Environ 79 membres d’un groupe musulman dissident sont détenus depuis deux ans sans avoir été inculpés.

Complément d’information

L’Érythrée est devenue formellement indépendante le 24 mai 1993, à l’issue d’un référendum organisé par les Nations unies et après deux années d’indépendance de facto du gouvernement éthiopien à partir de 1991 ; un nouveau gouvernement avait alors été formé par le Front populaire de libération de l’Érythrée (FPLE). Depuis le conflit frontalier avec l’Éthiopie en 1998-2000, l’ancien dirigeant du FPLE et actuel président et dirigeant du Front populaire pour la démocratie et la justice (FPDJ), Issayas Afewerki, a repoussé à une date indéterminée l’introduction d’un système multipartite et la tenue d’élections, deux éléments essentiels de la constitution de 1997. La question de la frontière entre l’Érythrée et l’Éthiopie n’a toujours pas été résolue et reste un sujet de forte tension régionale. Début septembre 2006, les Nations unies ont une nouvelle fois critiqué les restrictions apportées par le gouvernement érythréen au travail de surveillance de la mission de maintien de la paix des Nations unies dans les zones frontalières ; les Nations unies ont par ailleurs déploré l’expulsion de cinq membres du personnel international et l’arrestation d’un bénévole de la mission des Nations unies.

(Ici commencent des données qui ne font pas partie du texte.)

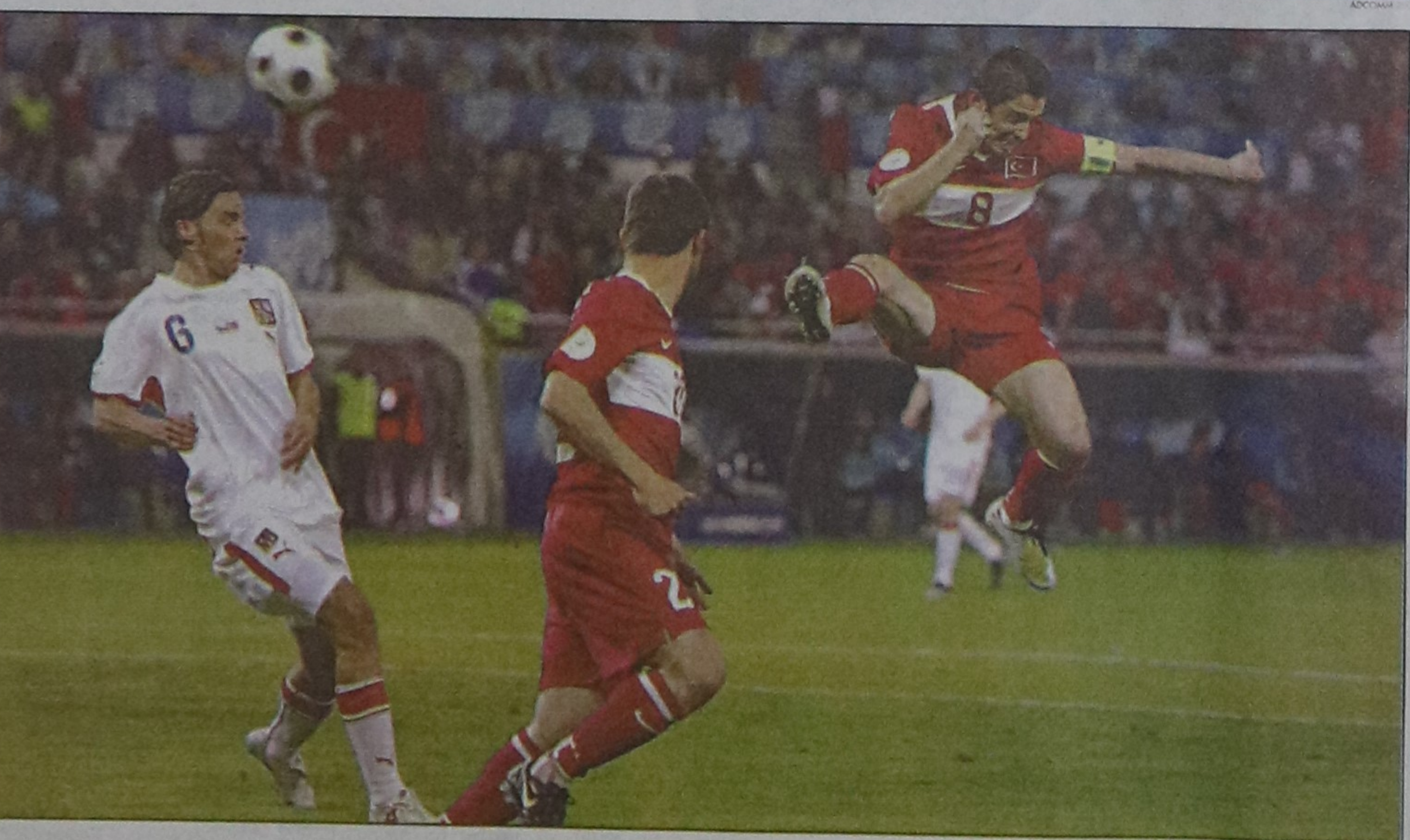
AND THE TURKS ARE THROUGH: Turkey superstar Nihat Kahveci (R) scores the winning goal against Czech Republic in the 89th minute of their Euro 2008 final Group A match at the Stade de Geneve in Geneva yesterday.

Les partis d’opposition, les organisations de la société civile indépendantes et les groupes de défense des droits humains ne sont pas autorisés. Les médias non gouvernementaux sont fermés depuis septembre 2001 et 14 journalistes en tout sont détenus. Toute critique du gouvernement est violemment réprimée. Les offices religieux par des groupes n’ayant pas reçu une autorisation officielle (c’est-à-dire tous, à l’exception des orthodoxes, catholiques, luthériens et musulmans) sont interdits, en contradiction avec la Constitution qui prévoit la protection du droit à la liberté de conviction.
Plusieurs milliers d’hommes et de femmes ont fui l’Érythrée depuis 2001. Les personnes renvoyées de force par Malte en 2002 et par la Libye en 2004 ont été placées en détention et torturées. Plusieurs demandeurs d’asile érythréens ont été déboutés dans des pays occidentaux, certains ont été placés en détention dans l’attente d’une éventuelle expulsion vers l’Érythrée. Jusqu’à présent les directives du Haut-Commissariat des Nations unies pour les réfugiés, qui s’oppose au retour des demandeurs d’asile déboutés en Érythrée en raison du bilan négatif de ce pays en matière de droits humains, ont été respectées. Trois cents demandeurs d’asile érythréens en Libye, arrivés par le Soudan, parmi lesquels 80 femmes et trois jeunes enfants, ont été arrêtés en Libye en août 2006 et pourraient être forcés à rentrer en Érythrée.